Despite their different meanings, lawyers commonly but incorrectly use res judicata and collateral estoppel interchangeably. Once again, the Dictionary of Legal Usage: “One might cite any number of instances in which judges have written collateral estoppel when they meant res judicata and vice versa.” The Fifth Circuit concurs: “[T]he terminology used in this area of law often breeds confusion.”

The moral is that it’s no fun trying to explain to a client that you waived a preclusion argument or defense because you didn’t use the correct Latin term in your summary-judgment brief. So why take that risk if there isn’t any countervailing benefit?

Which Latin words should you keep, and which ones should you nix?

In The Elements of Legal Style, Garner says that some Latin words and phrases have properly filled voids in the English language.

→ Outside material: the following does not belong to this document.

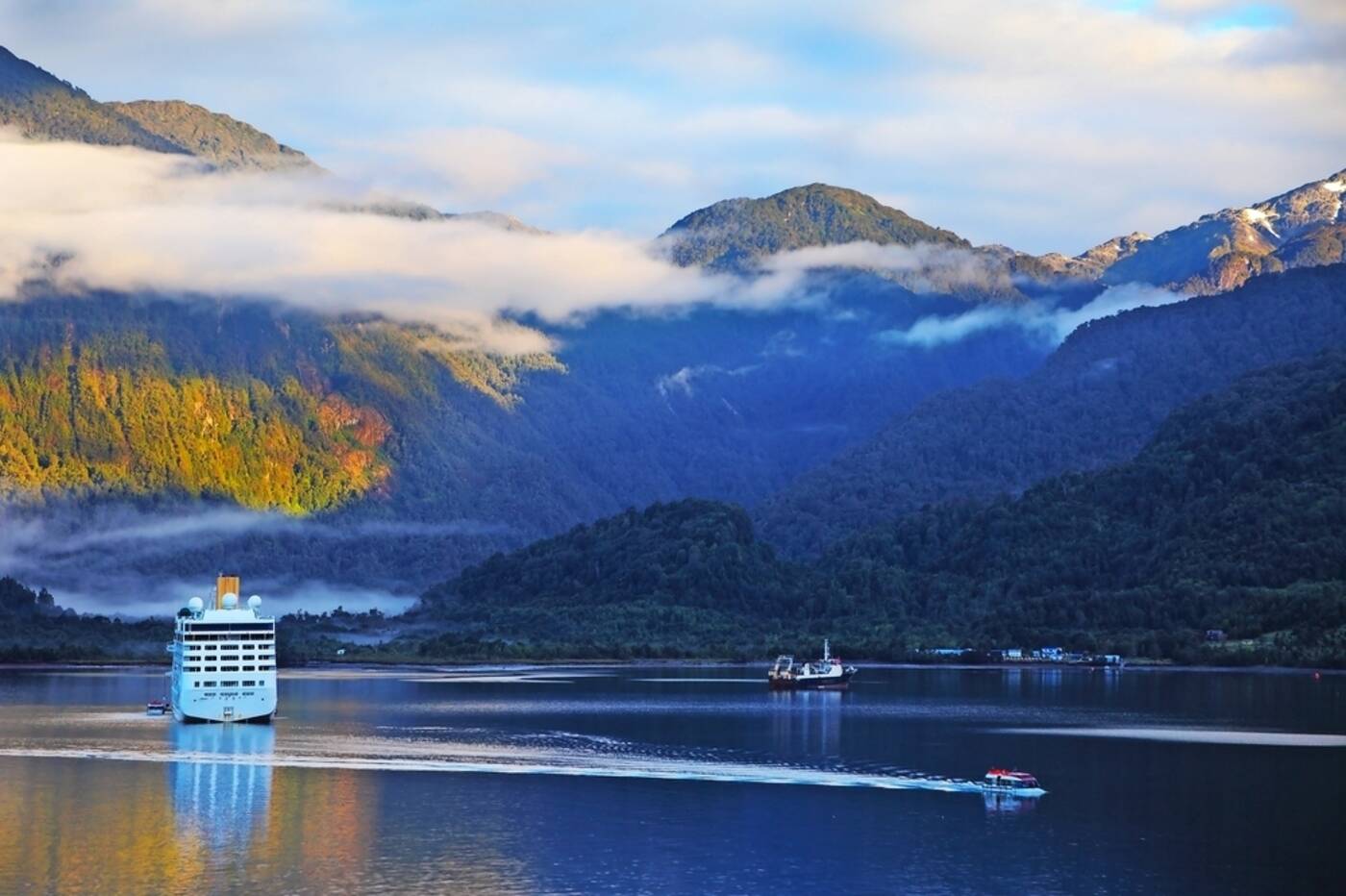 Im Herzen des chilenischen Patagoniens liegt der Nationalpark Bernardo O’Higgins. Über mehr als 320 Kilometer erstreckt sich der Park von einem Ende zum anderen und umfasst das südliche Inlandeis Patagoniens, das zusammen mit seinem nördlichen Gegenstück eine der größten Gletscherflächen außerhalb der Polarregionen bildet. Wir segeln durch den Montañas-Fjord, einen langen Fjord, der von zerklüfteten Bergen und mehreren Gletschern gesäumt ist.

Latin terms like alibi, amicus curiae, bona fide, quorum, de minimis, ex parte, habeas corpus, nolo contendere, prima facie, res ipsa loquitur, stare decisis, and voir dire arguably are examples of void-filling Latin words (though Garner points out that if your reader is a non-lawyer, it might be preferable to use friend of the court instead of amicus curiae, and doctrine of precedent instead of stare decisis).

But there are other Latin words and phrases that Garner calls “imported jargon,” which you shouldn’t use. Some examples commonly found in legal writing are:

  • ab initio (from the beginning)
  • actio(n) ex contractu (contract action)
  • actio(n) ex delictu (tort action)
  • arguendo (for the sake of argument)
  • in esse (in actual existence, in being)
  • inter alia (among other things), inter alios (among other persons)
  • res gestae (things done) (Wigmore: Res gestae is “not only entirely useless, but even positively harmful.”)
  • simpliciter (simply, summarily, taken alone unconditionally; absolutely)
  • sua sponte (on its own motion; without prompting)
  • sui generis (of its own kind; individual; like only to itself)
  • sui juris (of full age and capacity)
  • vel non (or not, or the lack of (it, them)) (Garner: Vel non is “pretentious surplusage.”)

As general rules, then, you shouldn’t use a Latin word or phrase if there’s an acceptable English substitute. You should use Latin only in the rare case where the Latin word or phrase fills a void in the English language, and there are no acceptable English substitutes.

If you follow these rules, your readers will thank you for sparing them Latin 101, and you will insure yourself against a possible spelling or usage blunder, or, worse, an otherwise-avoidable malpractice claim.

So eliminare Latine et scribere plane!